25. The creation of independent Scottish armed forces would not be as simple as transferring existing Scottish-recruited or Scotland-based units as this would not create in any sense a coherent, credible or balanced force. The UK armed forces are a totally integrated, pan-UK organisation. Command and control, training, logistic support, equipment procurement - how these would be done in the context of an independent Scotland remain unanswered questions that would need to be addressed from scratch.
26. Furthermore, members of the UK armed forces could not simply be co-opted. Among the most difficult issues affecting defence would be questions in relation to citizenship, namely who was to be regarded as Scottish and how that would affect the obligations of Scottish members of the armed forces. An important point to note is that it is far from clear that individual members of the armed forces who came within an agreed definition of Scottish would automatically choose to join the armed forces of an independent Scotland. Those serving in the UK armed forces can expect varied and interesting careers within one of the most highly regarded and well equipped forces in the world. The prospect of smaller and perhaps less globally active armed forces could be for some a less rewarding prospect.
27. In terms of defence industry in Scotland, should it decide to separate from the UK, we are sure that companies there would continue to make strong bids for UK defence contracts; but they would then be competing for business in an international market.
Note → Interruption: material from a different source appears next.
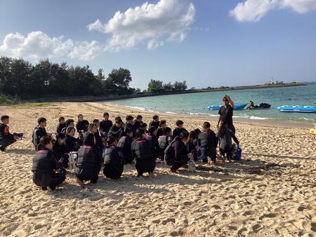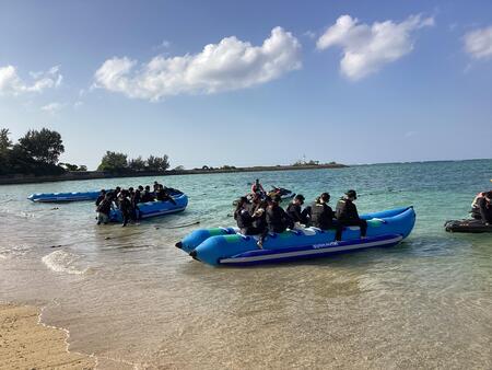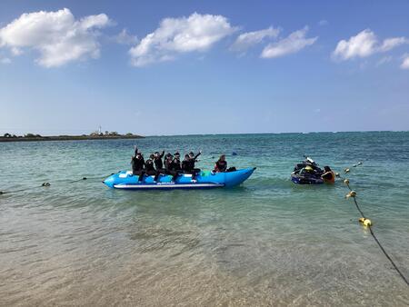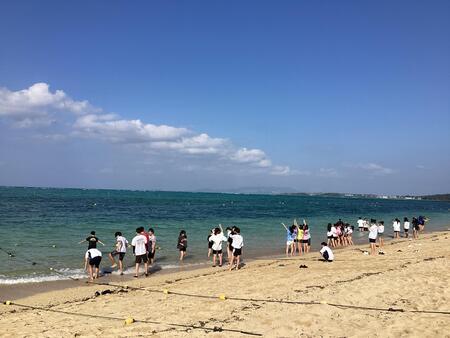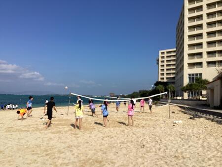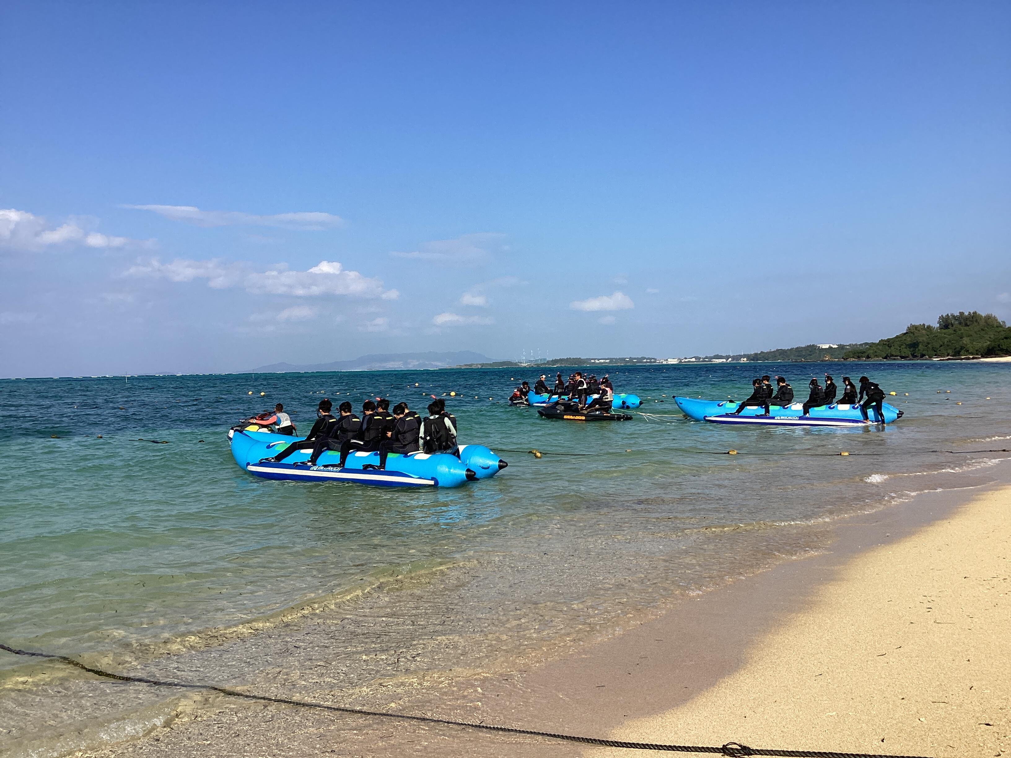 ホテルで昼食をすませたあと、午後は、ホテル前のビーチでマリン体験です。バナナボート、シュノ-ケル、ビ-チバレーにプ-ル。初めての体験もありドキドキです。水は冷たかったけれど沖縄の海を満喫しました。沖縄の海の色は場所によって、時間によって刻々と変化します。その美しさに魅了されますね。
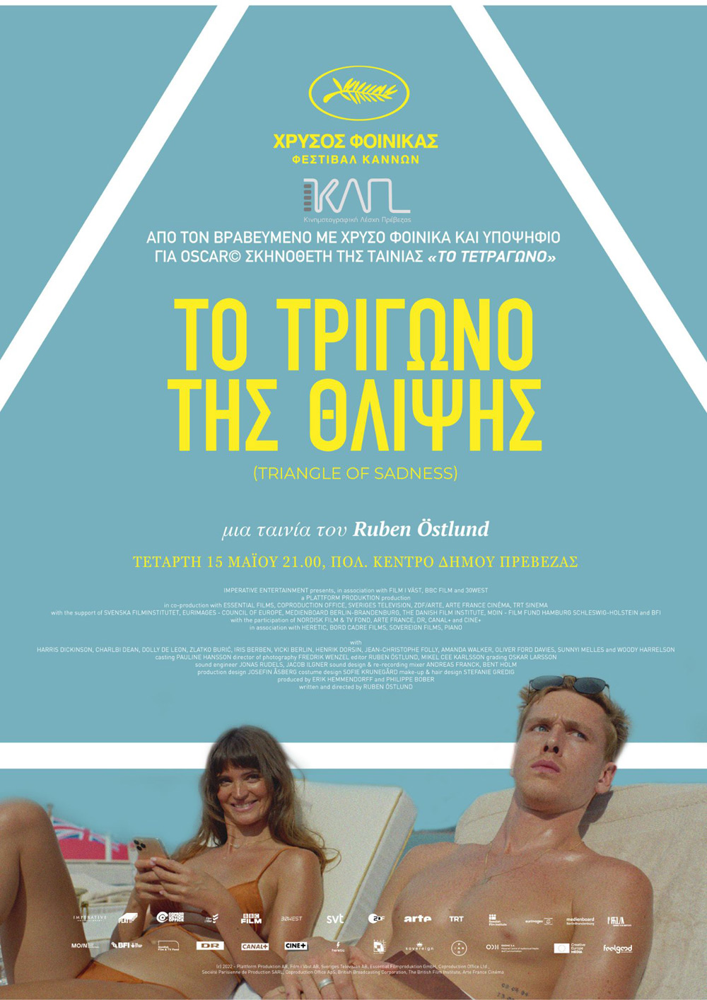 Tην βραβευμένη με Χρυσό Φοίνικα στο 75ο Φεστιβάλ Καννών ταινία του του Ruben Östlund « Tο Τρίγωνο της Θλίψης » προβάλλει η Κινηματογραφική Λέσχη Πρέβεζας την Τετάρτη 15 Μάιου στις 21.00 στο Πολιτιστικό Κέντρο Πρέβεζας. Εισιτήριο 4 ευρώ για φοιτητές, 6 ευρώ γενική είσοδο, και δωρεάν είσοδο για μαθητές και ανέργους.

And it would only be eligible to bid for contracts that are competed outside the UK. It would no longer be eligible to bid for those contracts that are subject to exemptions from European Union procurement rules to protect essential national security interests and are therefore placed or competed within the UK. Similar considerations would apply to the security industry in Scotland; for instance, Scottish registered companies would not have a right to compete for any future government-to-government security contracts that the UK Government entered into.
28. The procurements of the Type 45 destroyers and the Queen Elizabeth Class aircraft carriers have been subject to such exemptions. Other than during the World Wars, the UK has not had a complex warship built outside the UK since the start of the 20th century at least. All the UK’s new complex warships are being built in UK shipyards and we remain committed to utilising UK industry in this area. So this is understandably a matter of concern for the ship building industry in Scotland.
The means and timescale of any necessary separation; whether and how any defence shortfall might be made good.
29. The UK Government is not making plans for independence as we are confident that people in Scotland will continue to support Scotland remaining in the UK in any referendum.
30. It is impossible to say at this stage how a separation would be effected and how long it would take. It would clearly be a highly complex, time-consuming and costly process; but it is not possible to place any figures on these.
The extent to which, and circumstances in which, an independent Scotland might continue to contribute to defence goals shared with other parts of these islands and other countries.
31. The Scottish Government has not set out any concrete proposals for sharing facilities, bases or support. Until it has set out credible plans for defence and security of an independent Scotland, it is not possible to say whether or not facilities, bases or support could be shared.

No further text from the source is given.